Run hyperparameter tuning in parallel¶

When tuning hyper-parameters, you may want to speed up the time it takes to run the search by parallelizing the tuning runs.

Tip

While random and grid search can be run fully in parallel, the bayes search algorithm requires visibility on previous tuning runs for the smart selection of the next hyperparameters to tune so you should be careful to not fully parallelize execution for Bayesian tuning.

How to parallelize Comet Optimizer¶

Comet allows you to parallelize the execution of the Comet Optimizer using the comet optimize CLI command.
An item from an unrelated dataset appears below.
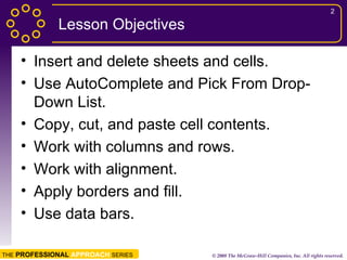 You can insert, delete, move, and rename worksheets. Insert or delete cells when needed for space. AutoComplete suggests labels as you type, and Pick From Drop-Down List displays column labels. Cut or copied data can be pasted multiple times and is stored on the Windows and Office Clipboards. Deleting or inserting rows or columns affects the entire worksheet. Change alignment to improve readability. The Mini toolbar formats selected text. Merge and Center combines cells. Borders and shading outline and fill cells. Data bars apply conditional formatting based on cell values.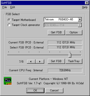 The purpose of this Windows application is to change the base clock(FSB) frequency without restarting the system. Any FSB changes are instantaneous. It runs on Windows 95/98 and Windows NT 4.0/5.0 in both Japanese and English mode.

In order to execute Comet Optimizer through command line, you first need to:

Format your training code inside an executable Python script.
Move the Optimizer config file to a separate file called optimizer.config.
Update the training script to read the optimizer config via sys.argv.

Then, you can simply run the comet optimize command with the -j or --parallel argument followed by the number of parallel runs to perform.

For example, if you want to parallelize the hyperparameter tuning across two processes, you can use:

comet optimize -j 2 training_script.py optimizer.config

And Comet will automatically associates split the hyperparameter selections across the two parallel processes.

Note

You execute (maxCombo * trial) / j tuning runs for each parallel process where:

maxCombo and trial are defined inside the optimize.config file, and
j is specified in the command itself (e.g., 2 in the example above).

Discover more about the optimizer configuration in the Configure the Optimizer page.

End-to-end Example¶

This distributed example showcases how to execute the end-to-end example from the Comet Optimizer Quickstart in parallel.

Simply run:

comet optimize -j 2 training_script.py optimizer.config

where:

the training_script.py is defined as:

training_script.py

import comet_ml
from sklearn.metrics import accuracy_score
from sklearn.datasets import make_classification
from sklearn.ensemble import RandomForestClassifier
from sklearn.model_selection import train_test_split
import sys

# Initialize the Comet SDK
comet_ml.login(project_name="example-optimizer")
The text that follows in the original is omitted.